L'equilibrio complesso tra dialogicità e asimmetria e il rischio che questa si cristallizzi in posizioni gerarchiche fisse, piuttosto che circolare in relazioni di autorità in cui la mediazione venga costantemente rinnovata (Tommasi, 1995), è una questione pedagogicamente molto rilevante. Il ruolo nell'organizzazione, infatti, è una delle dimensioni in cui più facilmente può verificarsi la riproduzione di disuguaglianze in seno ai movimenti sociali (Motta e Esteves, 2014). Questi, infatti, pur contribuendo a decostruire soggettività, relazioni sociali e punti di vista sul mondo dominanti e ad elaborarne di alternativi, possono ricalcare varie forme di discriminazione legate al genere, alla classe, all'etnia etc. rispetto ad ambiti quali la struttura dell'organizzazione, la gestione delle risorse, la divisione dei compiti, i processi decisionali etc. (ibidem). Anche nei movimenti sociali, dunque, si possono rintracciare segni di autoritarismo, ogni volta che, ad esempio, “as pessoas e os grupos incorporam a expectativa de que o chefe deve determinar o que os subalternos devem executar.
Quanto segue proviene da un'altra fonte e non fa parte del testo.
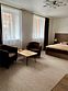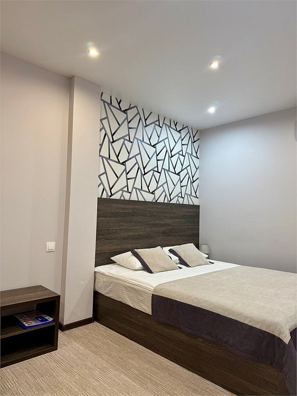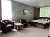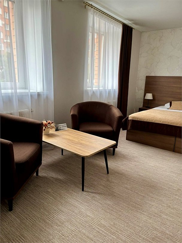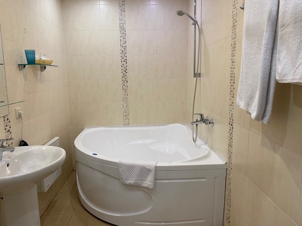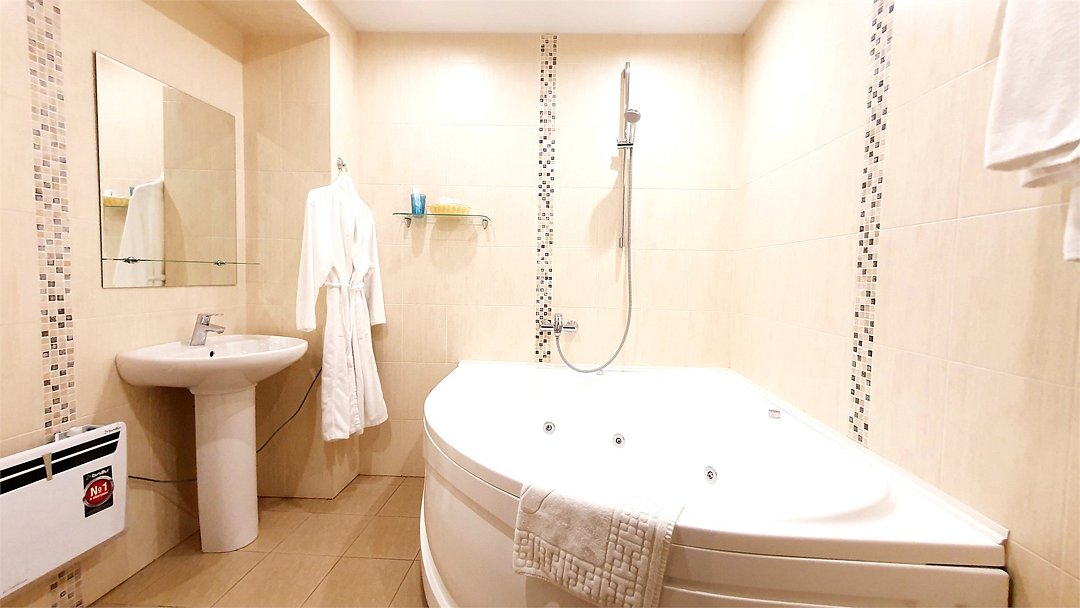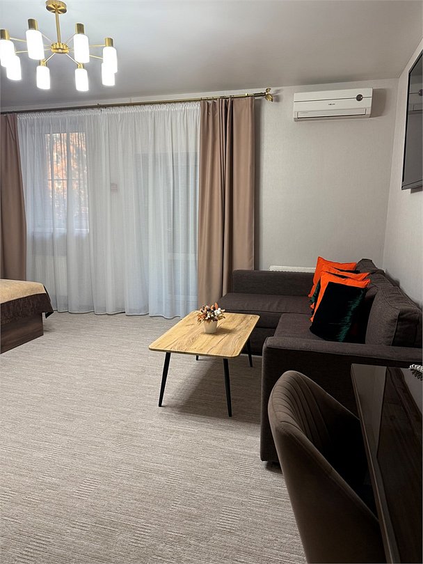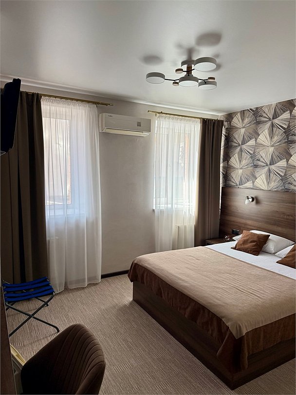 Полулюкс комфортЭлегантный просторный номер повышенной комфортности в теплых золотисто-бежевых тонах, оборудованный кроватью размера 180*200 "king-size" с ортопедическим матрацем, мягким уголком с уютным угловым диваном. Просторная ванная комната оснащена джакузи, туалетными принадлежностями, феном. Окна выходят во внутренний двор – ничто не помешает вам насладиться тишиной и покоем. Номер оснащен кондиционером, холодильником, чайником, телевизором с плоским экраном, WI-FI. Гостям на время пребывания предоставляются махровые халаты и тапочки.

E quando alguém disposto a mandar encontra outro disposto a se sumeter6” (Fleuri, 2008, p.172). Per svelare e superare l'autoritarismo e l'imposizione del silenzio del corpo, della parola, della volontà, della comunità (ibidem), è importante valorizzare le dissonanze che si sperimentano nei margini interni ai movimenti; dare voce e visibilità ai soggetti cui generalmente vengono negate; soprattutto riflettere collettivamente e permanentemente sulle proprie pratiche (Motta e Esteves, 2014).